EXERCISE AIM: Print the listing below again, exactly. Skip the pictures.

——————

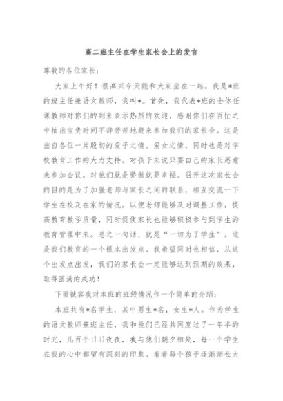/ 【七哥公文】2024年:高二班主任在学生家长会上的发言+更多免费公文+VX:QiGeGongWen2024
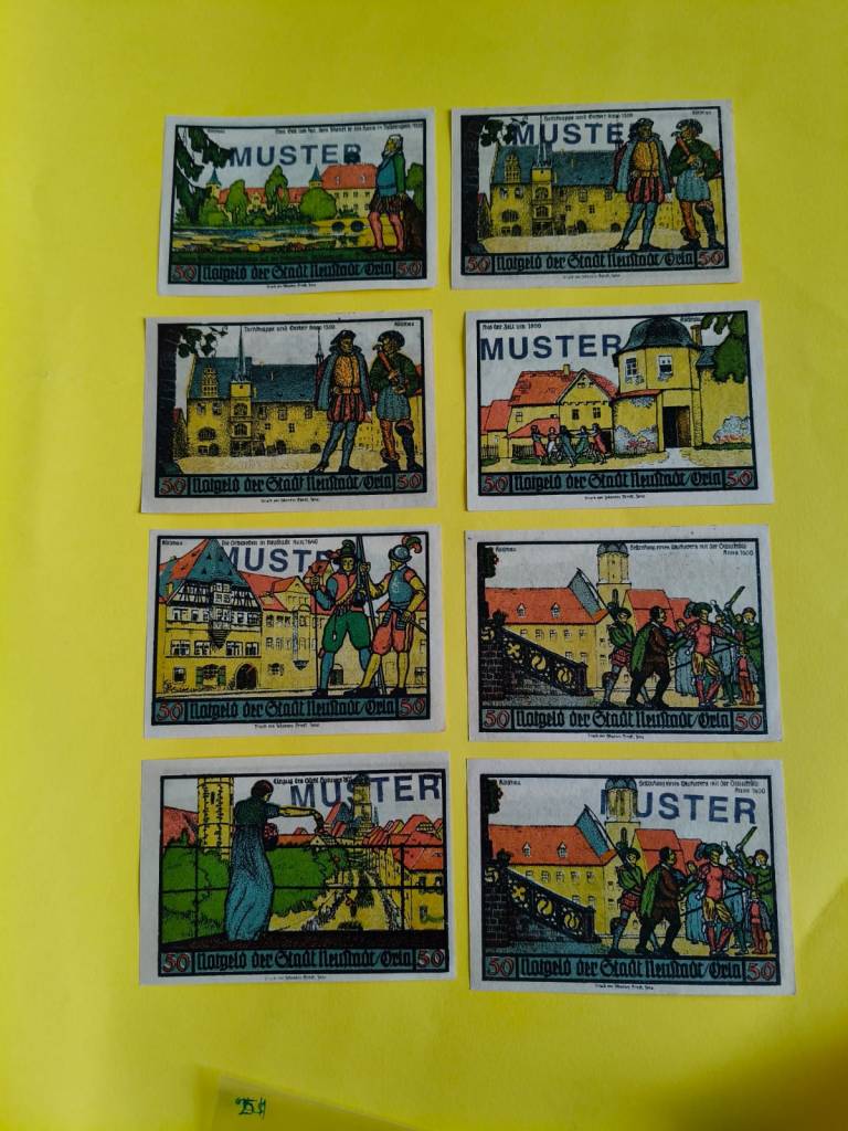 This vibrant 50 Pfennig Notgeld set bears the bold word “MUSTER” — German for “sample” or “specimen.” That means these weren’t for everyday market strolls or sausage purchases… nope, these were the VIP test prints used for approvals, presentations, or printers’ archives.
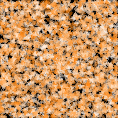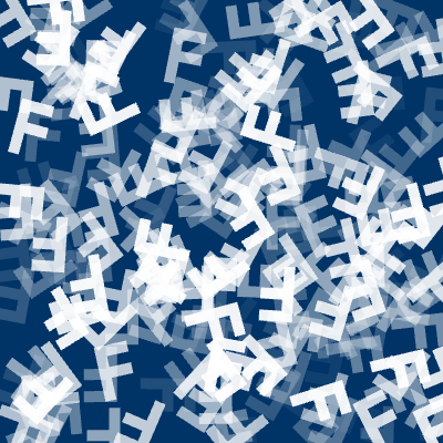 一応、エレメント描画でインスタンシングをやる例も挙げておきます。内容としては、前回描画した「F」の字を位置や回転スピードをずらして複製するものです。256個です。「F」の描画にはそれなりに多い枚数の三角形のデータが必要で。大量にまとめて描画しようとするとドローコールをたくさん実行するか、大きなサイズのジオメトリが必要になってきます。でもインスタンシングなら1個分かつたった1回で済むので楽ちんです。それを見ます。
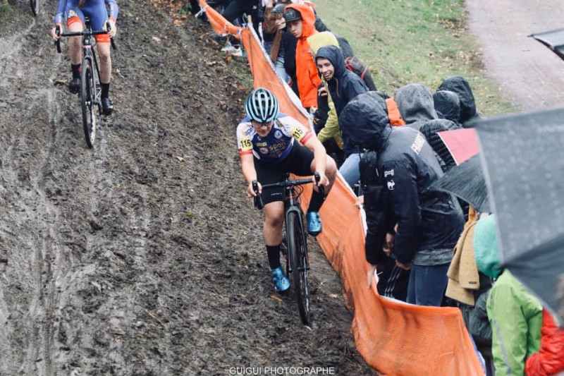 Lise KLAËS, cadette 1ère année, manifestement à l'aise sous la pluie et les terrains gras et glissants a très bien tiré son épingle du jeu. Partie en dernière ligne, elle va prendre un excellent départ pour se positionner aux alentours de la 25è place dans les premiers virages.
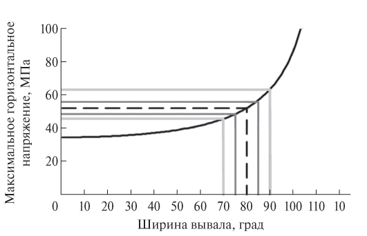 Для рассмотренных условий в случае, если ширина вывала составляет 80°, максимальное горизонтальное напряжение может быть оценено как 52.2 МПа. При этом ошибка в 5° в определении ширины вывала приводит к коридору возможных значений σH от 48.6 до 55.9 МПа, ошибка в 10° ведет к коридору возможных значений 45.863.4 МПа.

——————

TASK RESULT:
/ 【七哥公文】2024年:高二班主任在学生家长会上的发言+更多免费公文+VX:QiGeGongWen2024
 This vibrant 50 Pfennig Notgeld set bears the bold word “MUSTER” — German for “sample” or “specimen.” That means these weren’t for everyday market strolls or sausage purchases… nope, these were the VIP test prints used for approvals, presentations, or printers’ archives.
 一応、エレメント描画でインスタンシングをやる例も挙げておきます。内容としては、前回描画した「F」の字を位置や回転スピードをずらして複製するものです。256個です。「F」の描画にはそれなりに多い枚数の三角形のデータが必要で。大量にまとめて描画しようとするとドローコールをたくさん実行するか、大きなサイズのジオメトリが必要になってきます。でもインスタンシングなら1個分かつたった1回で済むので楽ちんです。それを見ます。
 Lise KLAËS, cadette 1ère année, manifestement à l'aise sous la pluie et les terrains gras et glissants a très bien tiré son épingle du jeu. Partie en dernière ligne, elle va prendre un excellent départ pour se positionner aux alentours de la 25è place dans les premiers virages.
 Для рассмотренных условий в случае, если ширина вывала составляет 80°, максимальное горизонтальное напряжение может быть оценено как 52.2 МПа. При этом ошибка в 5° в определении ширины вывала приводит к коридору возможных значений σH от 48.6 до 55.9 МПа, ошибка в 10° ведет к коридору возможных значений 45.863.4 МПа.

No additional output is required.